Sur la prétendue supériorité biodiversifiante des milieux ouverts

Dans le contexte de la rencontre organisée par les JNE le 8 janvier 2026 autour de sa pensée pour le 20e anniversaire de sa mort, nous mettons en ligne sur ce site un ensemble de textes de François Terrasson, en partie inédits. Voici un texte sur la prétendue supériorité des milieux ouverts.

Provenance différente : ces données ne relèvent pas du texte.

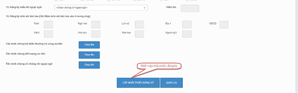 Bước 2: Sửa các thông tin, nhấn cập nhật phiếu đăng ký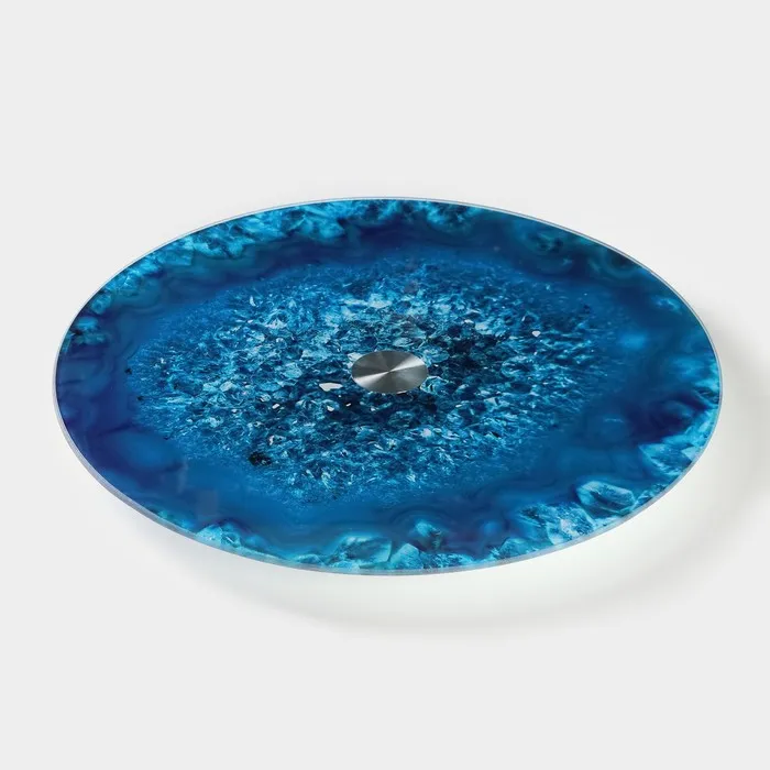 Подставка для торта вращающаяся Доляна «Голубой агат», d=32 см, стекло, синяя — Характеристики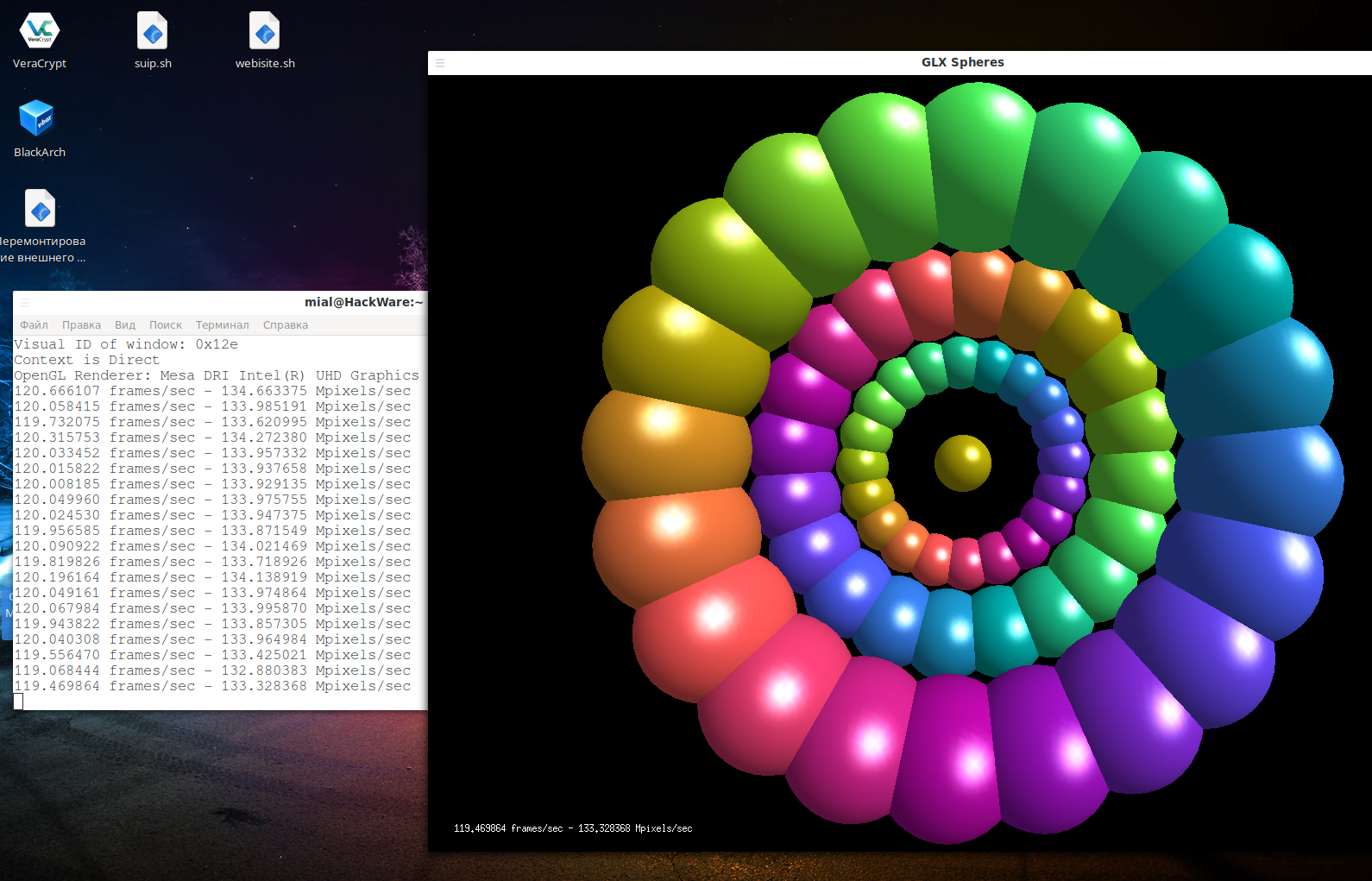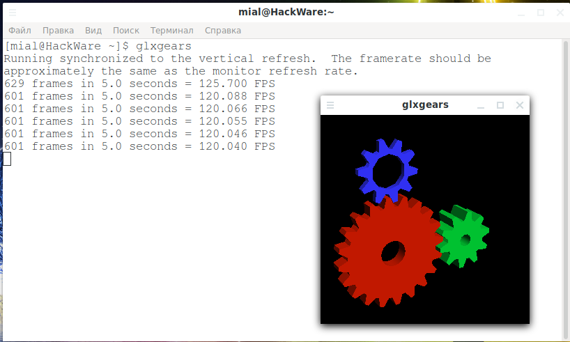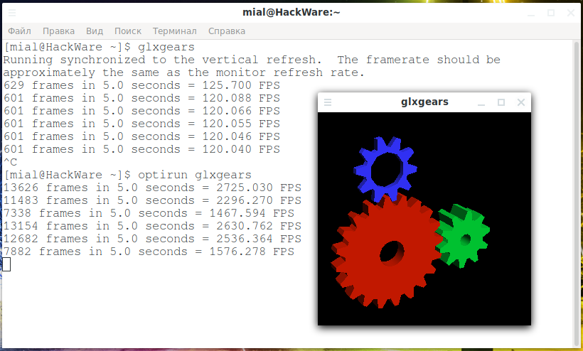 Эта же самая команда, но запущенная через optirun из пакета Bumblebee: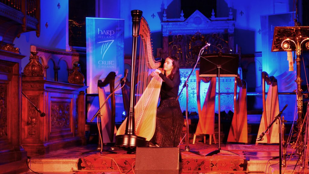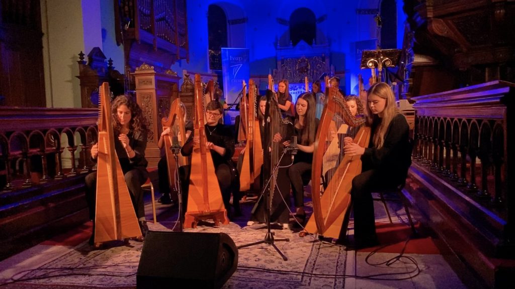 The Harps Alive Ensemble with TU Dublin Harp Ensemble performed a new Cruit Éireann commissioned piece by Gráinne Meyer.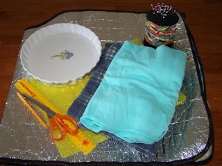 Lay your pretty fabric and plain base fabric out like so. (try not to notice how wonky my cutting is!!)
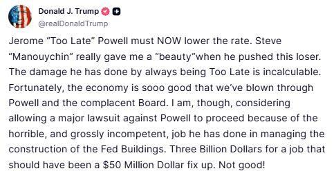After several days without any direct attack on Powell, Trump resumed the onslaught and said he’s considering allowing a lawsuit against the Fed chair related to the building work at the central bank’s buildings.
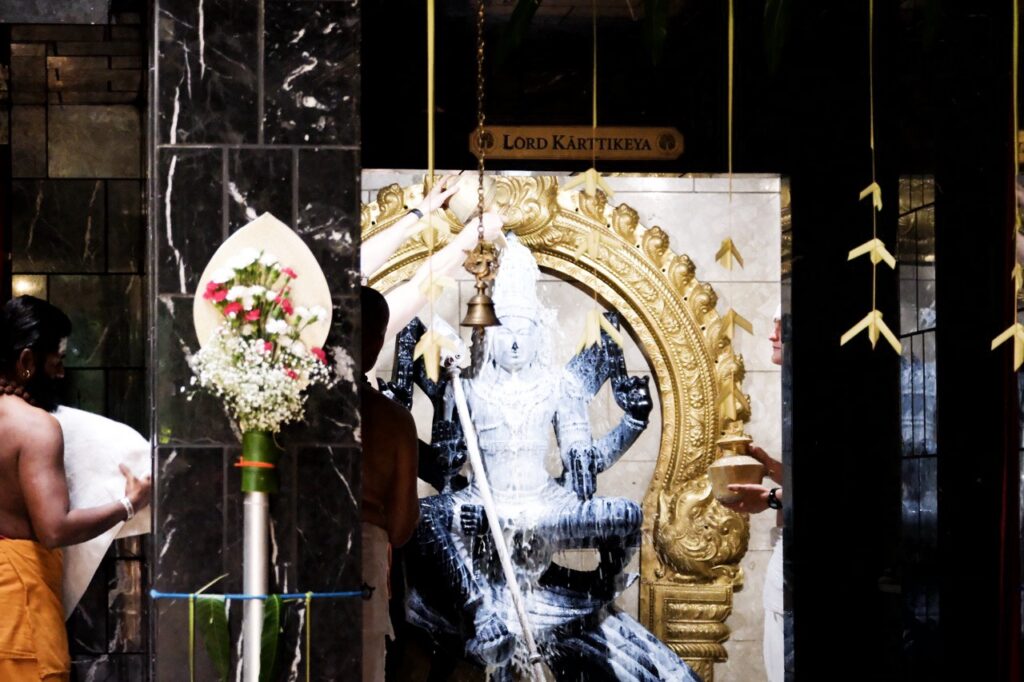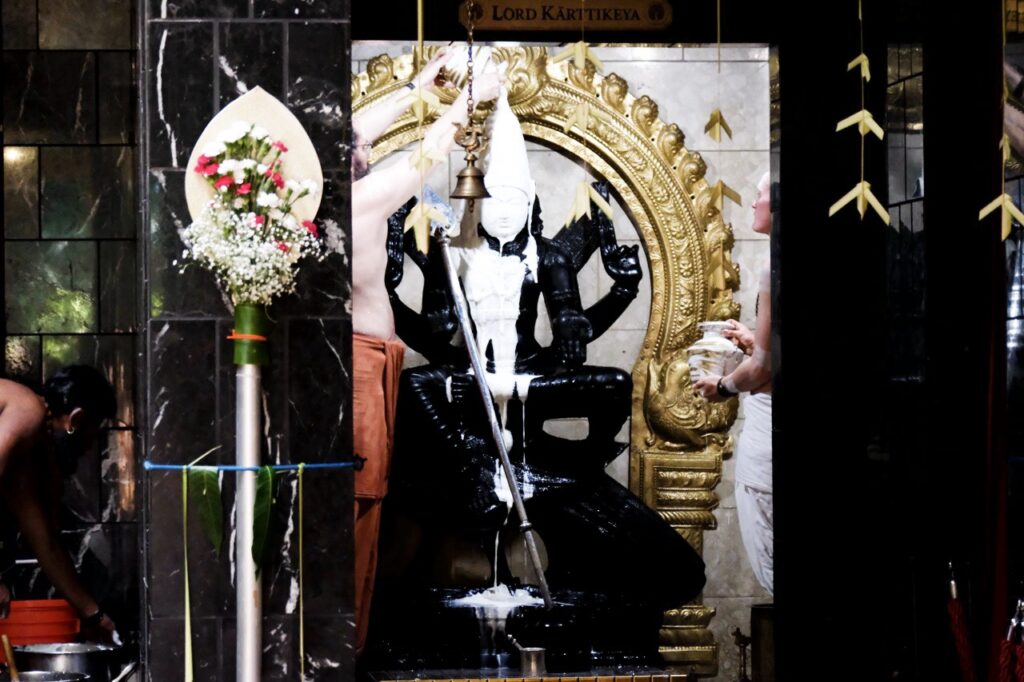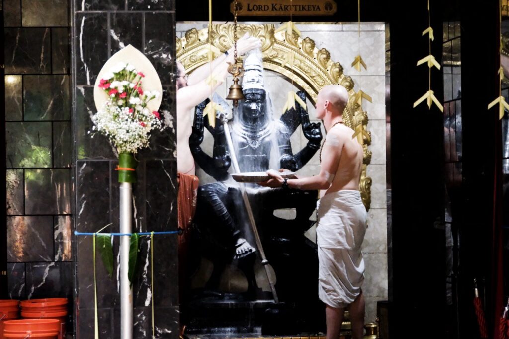 On February 10th, Mathavasis and devotees celebrated Thaipusam at Kadavul Temple in the presence of Satguru Bodhinatha Veylanswami. The event began at 3:00 PM and concluded at 5:30 PM. We started with an abhishekam, performed by Sannyasin Siddhanathaswami, of milk, yogurt, orange juice, panchamritam, honey, sandalwood water, vibuthi, chandanam and rose water. After completing the abhishekam, we performed the alankaram—dressing the Deity, which took about 30 minutes. Once the alankaram was finished, we continued the puja. Yoginathaswami sang Lord Muruga’s songs and the monks concluded with a final arati. A fun fact: Lord Muruga is considered the first and foremost renunciate—which is why this day holds great significance for us Mathavasis. Aum.
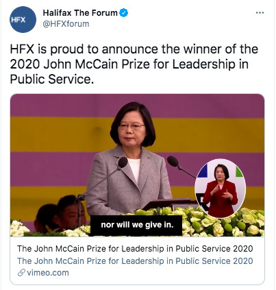 ▼北美最大安全論壇「哈利法克斯論壇」4日正式宣佈,頒發「馬侃公共事務領袖獎章」給總統蔡英文。(圖/哈利法克斯論壇推特)

Il est fréquent de rencontrer des affirmations péremptoires critiquant la « fermeture des milieux » assorties d’un appel à la promotion des espaces ouverts présentés comme le support préférentiel pour la diversité des espèces. Ces opinions vont même jusqu’à la mise en cause de la forêt, écosystème naturel de l’Europe occidentale. L’écologie scientifique montre en fait que le maximum de diversité se situe au contact des formations végétales fermées (plus ou moins) et des zones ouvertes (plus ou moins). Ce sont les écotones. Etant entendu qu’au sein des espaces fermés les phénomènes naturels dans leur complexité créent facilement sans intervention de l’homme certaines ouvertures. Par ailleurs il est exact que dans tous les groupes d’êtres vivants, certaines espèces préfèrent les steppes ou les savanes et vont rarement sous bois. Dans aucun cas ces espèces ne sont les plus nombreuses au sein de la catégorie considérée. Malgré l’intérêt des orchidées des pelouses sèches, la majeure partie des plantes de cette famille n’aime pas du tout les milieux très très ouverts. Parmi les oiseaux, l’Oedicnème criard, amateur de plaines sans végétation arbustive, est plutôt une exception. Même l’Outarde, oiseau considéré comme détestant la forêt, habite la « dehesa » espagnole, boisement clair mais bien éloigné des écosystèmes steppiques.

Le fait que certaines espèces soient adaptées au désert ne saurait faire de celui-ci un modèle d’aménagement du territoire. Les végétations puissantes et touffues, les taillis serrés, les broussailles et les jungles restent le refuge majoritaire du plus grand nombre d’espèces et le déclin de celles-ci provient non pas du manque de milieux ouverts, mais de l’extension de ceux-ci sous la pression de l’homme. C’est bien lui, citadin effarouché par la puissance végétale, qui fantasme une pseudo-écologie de rechange où les lieux ouverts sont préférés (associés parfois même à l’idée « mentalité ouverte » comme dans les arrachages de haies dans le remembrement) et présente des informations biaisées qui signent son ignorance du fonctionnent concret de la nature quand cela ne vas pas jusqu’à flirter avec la fraude scientifique.